This paper presents a first-order model that enables the scaling of solder joint failure cycles for board and/or die or substrate thickness effects under thermal cycling conditions. The model also allows for the prediction of failure cycles for solder joints of double-sided, mirrored assemblies based on failure data for single-sided assemblies.

Conclusions


A first-order design-for-reliability tool / model has been developed that captures the impact of board and/or component thickness on solder joint reliability under thermal cycling conditions.

The tool allows for scaling of failure cycles from one board thickness to another, or from one assembly configuration to another (single-sided or mirrored).

Solder joint life under thermal cycling conditions goes as the inverse of the assembly stiffness.

The model has been validated against thermal cycling results for 1 to 3.3 mm thick test boards and 0.2 to 3.7 mm thick components.

The model also accounts for the global CTE mismatch between board and component, as well as the component size (DNP) effect.

Other important parameters, such as stand-off height, assembly pitch and pad sizes are being added to the model (to be presented in a future publication).

The model is algebraic and is easily implemented in a spreadsheet. This allows for quick assessments of the relative impact of changes in design parameters and material properties on solder joint reliability, independent of soft solder compositions.

The board thickness effect is confounded with concurrent changes in in-plane moduli and CTEs. The interpretation of thermal cycling test results and the extrapolation of test data to field conditions rely heavily on realistic estimates, or better, measurements of board properties. In our updated survey of test board properties from multiple sources (Figure 19), board modulus is anywhere in the range 10 to 30 GPa and inplane CTEs are in the range 12 to 21 ppm/degree C. Effective board properties vary widely and cannot be assigned randomly when entered into reliability models.

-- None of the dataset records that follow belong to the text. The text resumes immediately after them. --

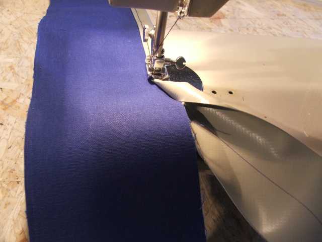 Zuletzt werden 4cm breite PVC-Streifen an der angezeichneten Decksline angenäht. Hier wird später die Unterhaut angeklebt. Die PVC-Streifen vorher anschleifen.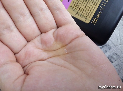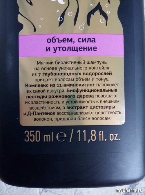 Флакон черного цвета с яркими надписями оказался достаточно большим, 350 мл. Упаковка непрозрачная, смотрится очень стильно и строго. Золотая крышечка и надписи добавляют намек на роскошь, намекая на уход за волосами самого высокого уровня.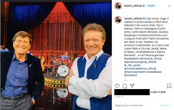 LEGGI ANCHE >>> Gianni Morandi e Massimo Ranieri, scatto inedito: “Stasera insieme”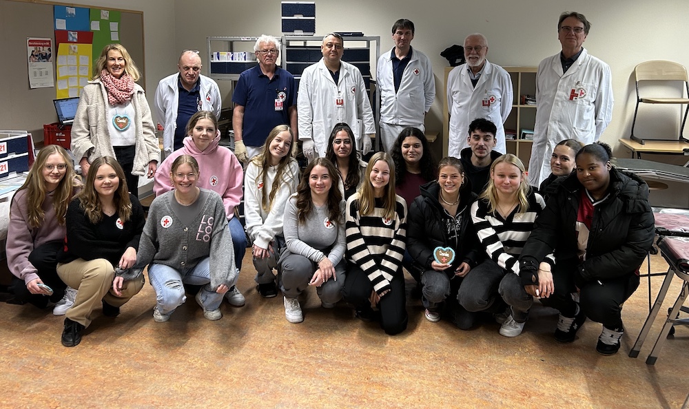 In der Oberstufe der Fachoberschule für Gesundheit und Soziales am Paul-Spiegel-Berufskolleg Warendorf hat Projektarbeit einen hohen Stellenwert. Die Klasse FOSO2 hat mit der Unterstützung von Fachlehrerin Barbara Liemke-Waltz im Rahmen eines Projekts den Blutspendeinfotag und den Blutspendetag am Berufskolleg organisiert. Die Schülerinnen und Schüler unterstützten das Blutspendeteam des DRK bei der Durchführung der Blutspendeaktion. Beim Infotag informierte die Klasse über die Notwendigkeit der Blutspende und deren Ablauf. Täglich werden allein in Deutschland ca. 15.000 Blutspenden und rund 5000 Plasmaspenden benötigt. Bei vielen Operationen oder bei Krebstherapien muss Blut in ausreichender Menge in den Kliniken vorgehalten werden. Jeder Mensch kann beispielsweise aufgrund eines Unfalls oder einer schweren Erkrankung plötzlich in die Lage geraten, Bluttransfusionen zu benötigen. Einige Unfallopfer sind nach Angaben des Instituts für Transformationsmedizin der Uniklinik Aachen auf 50 oder mehr Blutkonserven angewiesen, um zu überleben.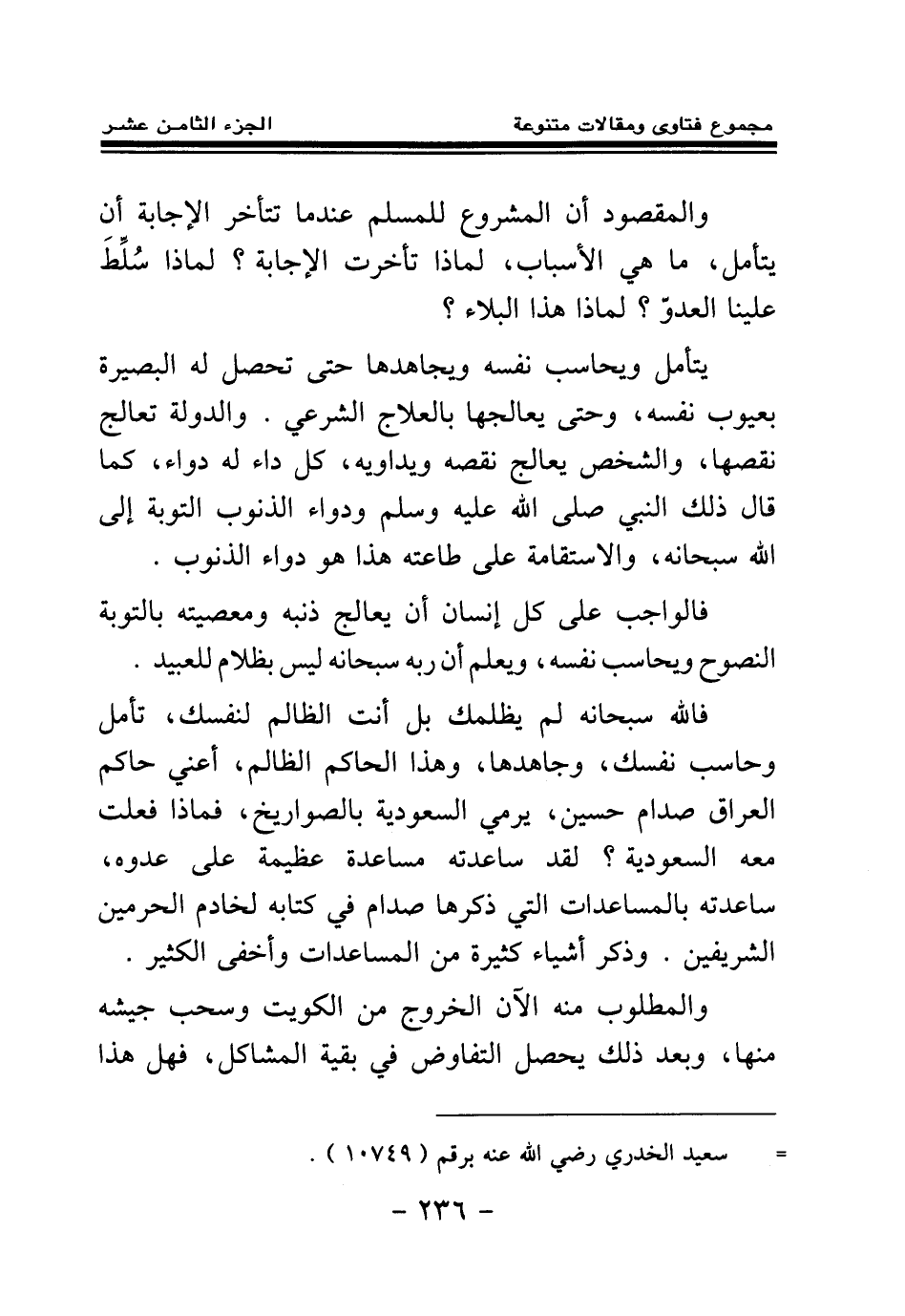 فالله سبحانه لم يظلمك بل أنت الظالم لنفسك، تأمل وحاسب نفسك، وجاهدها، وهذا الحاكم الظالم، أعني حاكم العراق صدام حسين يرمي السعودية بالصواريخ، فماذا فعلت معه السعودية؟ لقد ساعدته مساعدة عظيمة على عدوه، ساعدته بالمساعدات التي ذكرها صدام في كتابه لخادم الحرمين الشريفين. وذكر أشياء كثيرة من المساعدات وأخفى الكثير.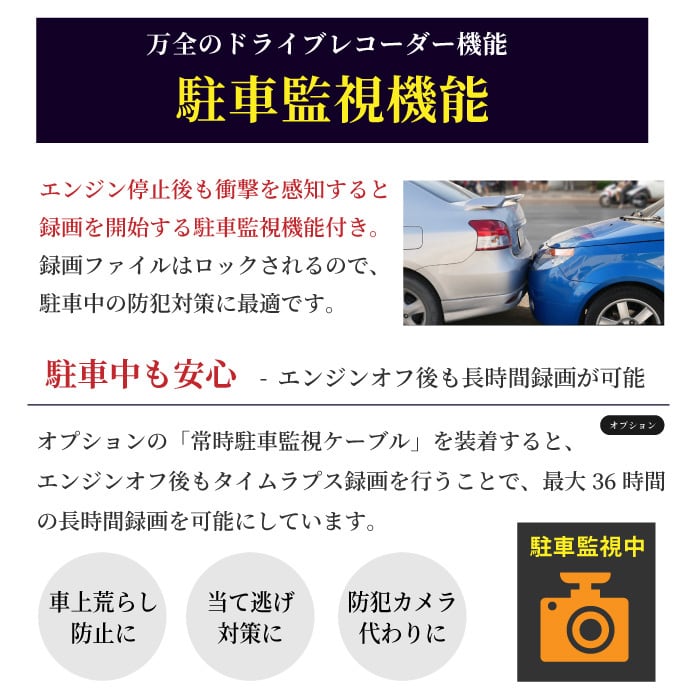 ・駐車監視 4時間/12時間/24時間/48時間 (※オプションケーブルDRMR-OP2-011必要)

The stiffness or strength-of-materials approach, which is the foundation of the board and component thickness model, provides qualitative and quantitative insight into controlling parameters and competing factors: a) the board and component stiffness in flexure and under axial loading; b) the distance H that separates the neutral planes of the board and of the component. The latter increases the compliance of thicker board assemblies, a potential factor in some thick boards having longer solder joint lives than thin board assemblies as observed in accelerated thermal cycling and finite element simulations (Teng et al., 2002; Shih et al., 2004; Wu et al., 2014).

These situations were not modeled in this paper because relevant board and package material properties were not available.